Nel 1956/1957 i ragazzi di Busby esordirono alla grande nella coppa più prestigiosa: subito
semifinale, sconfitti solo dall’immenso Real Madrid che di quei trofei fece collezione tra anni ‘50 a
‘60. Per la stagione successiva i talenti dei Red Devils si presentavano come i rivali più accreditati
delle merengues, e infatti l’inizio fu devastante, fino alla partita di Belgrado, dove il 3 a 3 con la
Stella Rossa significò semifinale, la seconda consecutiva. Si giocava all’inizio del mese di febbraio,
il 6 febbraio del 1958. Lo United ripartì da Belgrado con un volo charter della British European
Airways, scalo a Monaco per rifornimento e atterraggio previsto all’aeroporto di Manchester: a
bordo la squadra al completo, lo staff tecnico e qualche giornalista al seguito.
Purtroppo l’aereo non giunse mai a destinazione. Lo schianto all’aeroporto di Monaco in fase di
decollo dopo lo scalo tecnico fu devastante: i primi soccorritori si ritrovarono davanti una scena
infernale, il velivolo per le avverse condizioni della pista ricoperta di ghiaccio non riuscì mai a
staccarsi da terra e finì per schiantarsi contro un edificio al termine della pista di decollo.

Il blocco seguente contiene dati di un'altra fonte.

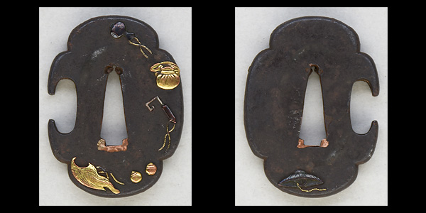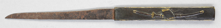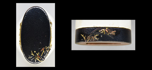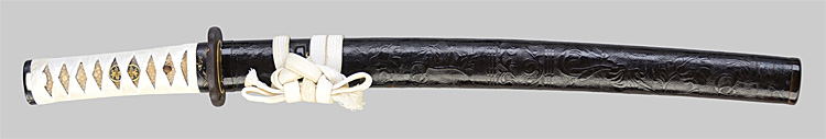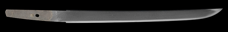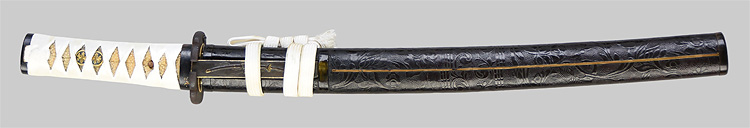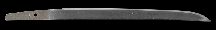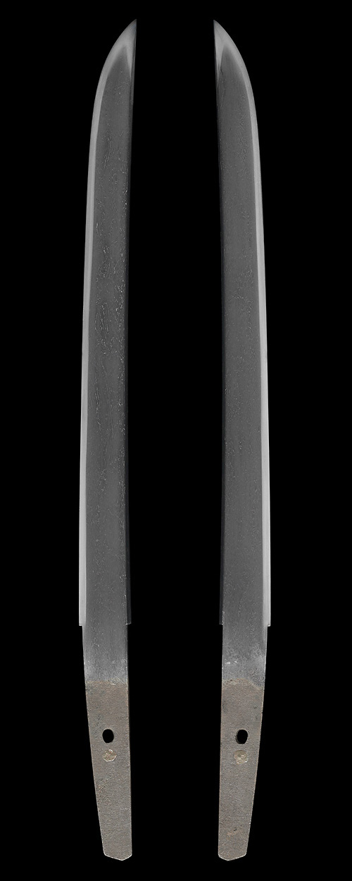 平造り庵棟 うぶ茎 板目肌、柾交じりよく詰む。地沸微塵につき、細かな地景顕われ、淡く白気風の映り立つ。刃紋は細直刃浅く湾れて、小乱れ交じる。匂い口締まり心に小沸よくつく。僅かに小足、葉働き、金筋、砂流しかかり明るく冴える。黒変模様塗鞘小刀拵入り。

La palla di fuoco che avvolse l’aereo fu impressionante. Dei 44 passeggeri a bordo, persero la vita
in 23, 8 dei quali erano calciatori. Il sogno del Manchester dei ragazzi si spezzò quel giorno. Tra i
sopravvissuti Bobby Charlton, che sarebbe diventato un mito del calcio inglese e dei Red Devils e
proprio Busby, l’allenatore, che visse il resto della propria vita martoriato da un senso di colpa
devastante. Lo sport sa essere crudele, anche senza motivo. Il parallelo con un’altra leggendaria
squadra di fenomeni stroncata da un incidente aereo è naturale, quasi ovvio. C’è qualcosa che
unisce i tifosi dello United a quelli del Torino, un destino nemico che ha deciso di riscrivere la
storia per capriccio.
9. MIRACLE
Nel 1980 il mondo era diviso ancora in due blocchi contrapposti:
da una parte gli Stati Uniti e i paesi dell’Europa occidentale,
dall’altra l’Unione Sovietica e i suoi stati satellite, in mezzo una
linea di tensione che per decenni è rimasta incandescente, sempre
sul punto di prendere fuoco e di far precipitare il mondo in un
conflitto che probabilmente sarebbe stato disastroso oltre ogni
immaginazione. Le due grandi potenze vincitrici della Seconda
Guerra Mondiale si erano letteralmente spartite il pianeta,
avviando fin dal 1945 un lungo periodo di crisi politica e
diplomatica che condizionò pesantemente l’andamento della storia
nel secondo ‘900. La geniale definizione di Guerra Fredda, coniata
dalla mente superiore di George Orwell e ripescata dal giornalista
Walter Lippmann, descrive alla perfezione il clima che avvolse il
mondo per lunghi decenni fino all’abbattimento del muro di
Berlino nel 1989.
Ma il 1980 era anche l’anno delle due Olimpiadi, quella invernale di Lake Placid negli Stati
Uniti, e poi quella estiva di Mosca, in URSS. Fino al 1992 infatti olimpiadi invernali ed estive
condividevano lo stesso anno. E se i giochi di Mosca sono passati alla storia per il boicottaggio
della squadra statunitense, quelle
che si svolsero nello Stato di New
York qualche mese prima hanno
regalato al libro delle grandi
imprese dello sport mondiale un
vero e proprio miracolo, quello
della nazionale di casa di hockey su
ghiaccio. “Miracle” è anche il titolo
del film del 2005 diretto da Gavin
O’Connor che ripercorre proprio
questa incredibile vicenda. Del
clima da Guerra Fredda abbiamo
detto, c’è da aggiungere che
appena qualche settimana prima gli URSS avevano mosso una importante pedina nel costante
gioco di provocazioni e contro-provocazioni sulla scacchiera mondiale, invadendo
l’Afghanistan e avvicinandosi minacciosi ai grandi bacini di petrolio del Golfo. Era questo il
contesto con cui si aprirono i Giochi di Lake Placid.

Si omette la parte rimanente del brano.